What the exercise asks
Each line of the material should be set down exactly. Pictures are not part of the copy.

Material provided
>>>>

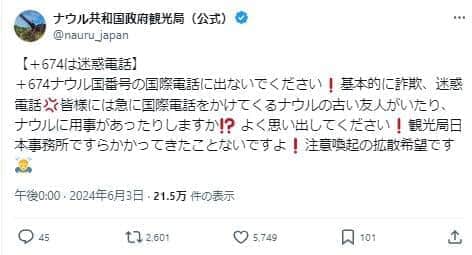 ハワイとオーストラリアの間にある小さな島国、ナウル共和国の政府観光局日本事務所の公式Xアカウントが2024年6月3日、Xで迷惑電話に関する注意喚起を行った。
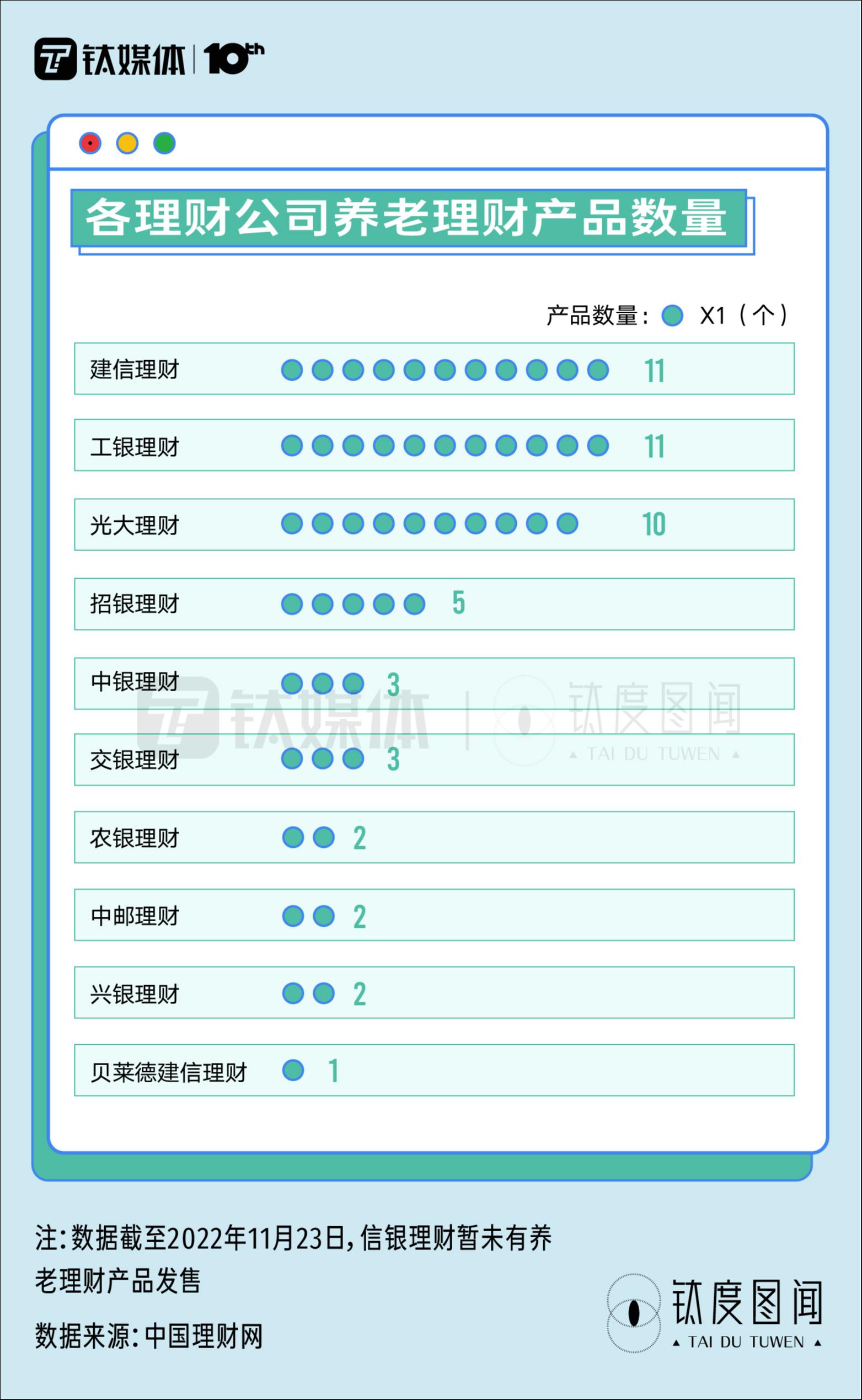 11月18日,首批开办个人养老金业务机构的名单出炉,11家理财公司拿到“入场券”,正在积极备战个人养老金业务。据钛媒体·钛度图闻统计,从已发售的养老理财产品来看,截至11月23日,除信银理财暂未有养老理财产品发售外,其余10家理财公司累计发行了50只养老理财产品,规模已经超过973亿元,成为最大的第三支柱养老金融产品。
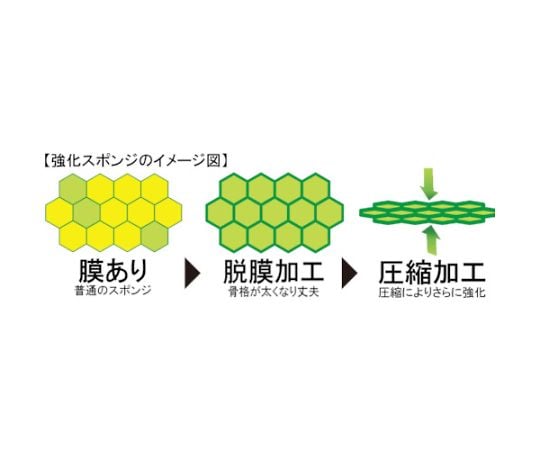 The pad surface is made of "reinforced sponge" instead of typical non-woven fabric. Non-woven fabric does not produce fiber debris, has excellent abrasion resistance, and is suitable for preventing foreign matter from entering. The large size allows you to quickly wash large areas of laundry. This product does not contain abrasive particles, so it is less likely to scratch the items being cleaned. For preventing foreign matter contamination and color zoning at food manufacturing sites, etc. For cleaning sites that require high durability. For cleaning items that you do not want to scratch, such as melamine tableware. Color: Yellow Length (mm): 123 Width (mm): 83 Thickness (mm): 30 Highly durable compressed sponge pad bonded sponge scrubber Material/Finish: Polyurethane Country of Origin: Japan Code number: 103-0054

<<<<

Your response
 ハワイとオーストラリアの間にある小さな島国、ナウル共和国の政府観光局日本事務所の公式Xアカウントが2024年6月3日、Xで迷惑電話に関する注意喚起を行った。
 11月18日,首批开办个人养老金业务机构的名单出炉,11家理财公司拿到“入场券”,正在积极备战个人养老金业务。据钛媒体·钛度图闻统计,从已发售的养老理财产品来看,截至11月23日,除信银理财暂未有养老理财产品发售外,其余10家理财公司累计发行了50只养老理财产品,规模已经超过973亿元,成为最大的第三支柱养老金融产品。
 The pad surface is made of "reinforced sponge" instead of typical non-woven fabric. Non-woven fabric does not produce fiber debris, has excellent abrasion resistance, and is suitable for preventing foreign matter from entering. The large size allows you to quickly wash large areas of laundry. This product does not contain abrasive particles, so it is less likely to scratch the items being cleaned. For preventing foreign matter contamination and color zoning at food manufacturing sites, etc. For cleaning sites that require high durability. For cleaning items that you do not want to scratch, such as melamine tableware. Color: Yellow Length (mm): 123 Width (mm): 83 Thickness (mm): 30 Highly durable compressed sponge pad bonded sponge scrubber Material/Finish: Polyurethane Country of Origin: Japan Code number: 103-0054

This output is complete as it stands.